Por sua vez, a empresa do ramo de produtos de limpeza pediu judicialmente a anulação da decisão administrativa do INPI que havia cancelado registro de 2000 e negado registros posteriores.
O pedido foi indeferido pela 1ª Vara Federal de Guarulhos/SP, e a autora recorreu ao TRF3. Ao analisar o caso, a Primeira Turma seguiu entendimento do Superior Tribunal de Justiça (STJ) e do próprio TRF3 no sentido de que não cabe ao Poder Judiciário substituir a função administrativa do INPI e reformar atos que estão dentro da legalidade.

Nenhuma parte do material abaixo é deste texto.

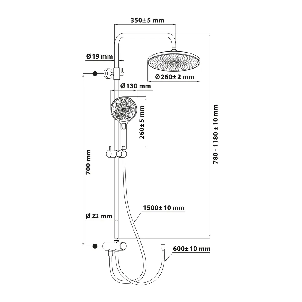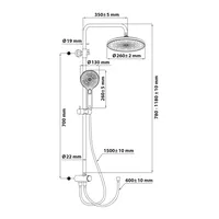 26 cm große Kopfbrause mit Kugelgelenk und flexible Handbrause mit drei Strahlarten für individuellen Duschkomfort.
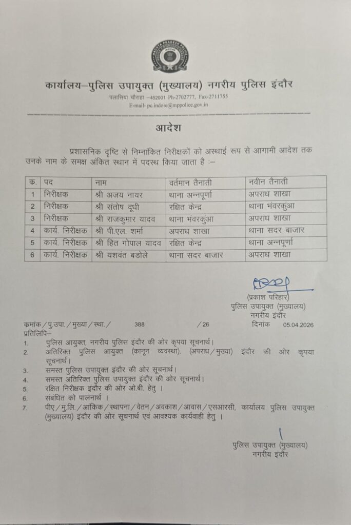 वही हित गोपाल यादव को अन्नपूर्णा थाना का नया प्रभारी बनाया गया है। पहले उन्हें भंवर कुवा थाने की जिम्मेदारी दी गई थी। पीएल शर्मा को सदर बाजार थाने की कमान दी गई है। यह इंदौर की सबसे व्यस्त और महत्वपूर्ण इलाका है।
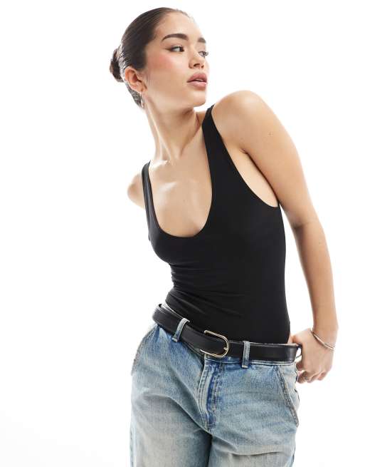Miss Selfridge - Body nero morbido al tatto con scollo a V
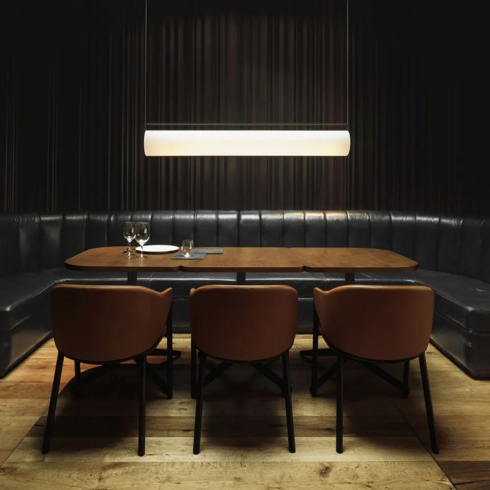 Banquette 照明由一个定制设计的名为 Mallet 的旋转臂夹具提供(还具有滚花和古铜色饰面),使照明能够摆动并适应桌子分组。
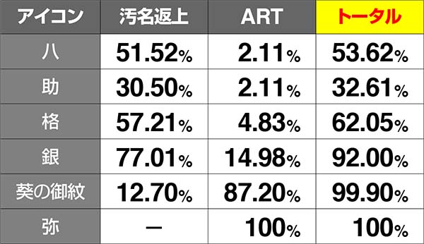 ※汚名返上中はボーナスでARTとなるため、蝶柄でもREGの可能性あり

No entanto, o colegiado garantiu o direito de uso do nome à companhia, considerando a data em que o registro foi realizado. “Deve ser assegurada a proteção ao registro da marca que foi efetuada de boa-fé anteriormente ao registro do alto renome, o qual tem efeitos ‘ex nunc’ (que não retroagem), conforme pacificado na jurisprudência do C. STJ”, concluiu o relator do processo, desembargador federal Valdeci dos Santos.
O recurso ficou assim ementado:
APELAÇÃO. PROPRIEDADE INDUSTRIAL. MARCA “CLARO”. EXISTÊNCIA DE ALTO RENOME. REGULARIDADE. EFEITOS “EX NUNC”. PROTEÇÃO AO REGISTRO DE MARCA DA PARTE AUTORA EM DATA ANTERIOR. HONORÁRIOS ADVOCATÍCIOS. SUCUMBÊNCIA RECÍPROCA. RECURSO PROVIDO EM PARTE.
1. Nos termos do artigo 125 da Lei n. 9.279/1996, a marca de alto renome dispõe de proteção especial, em todos os ramos de atividade. E é inconteste que a marca CLARO remete ao consumidor o serviço de telecomunicações, conforme noticiado nos autos no documento ID 90452724, em que, através de pesquisa com 1200 entrevistados, 98% responderam que conhecem a marca CLARO associada ao serviço de telecomunicações, concluindo a Comissão de Alto Renome do INPI que a marca é de conhecimento do publico em geral e apresenta suficiente grau de qualidade, reputação e prestígio.
2. Ademais, não cabe ao Poder Judiciário substituir o INPI na sua função administrativa típica e reformar o mérito de suas decisões relativas ao reconhecimento de alto renome quando não se constata ilegalidade na medida. Portanto, é de rigor a manutenção da r. sentença, que manteve o registro de alto renome da marca CLARO à segunda ré. Precedentes do C. STJ e do E. TRF da 3ª Região.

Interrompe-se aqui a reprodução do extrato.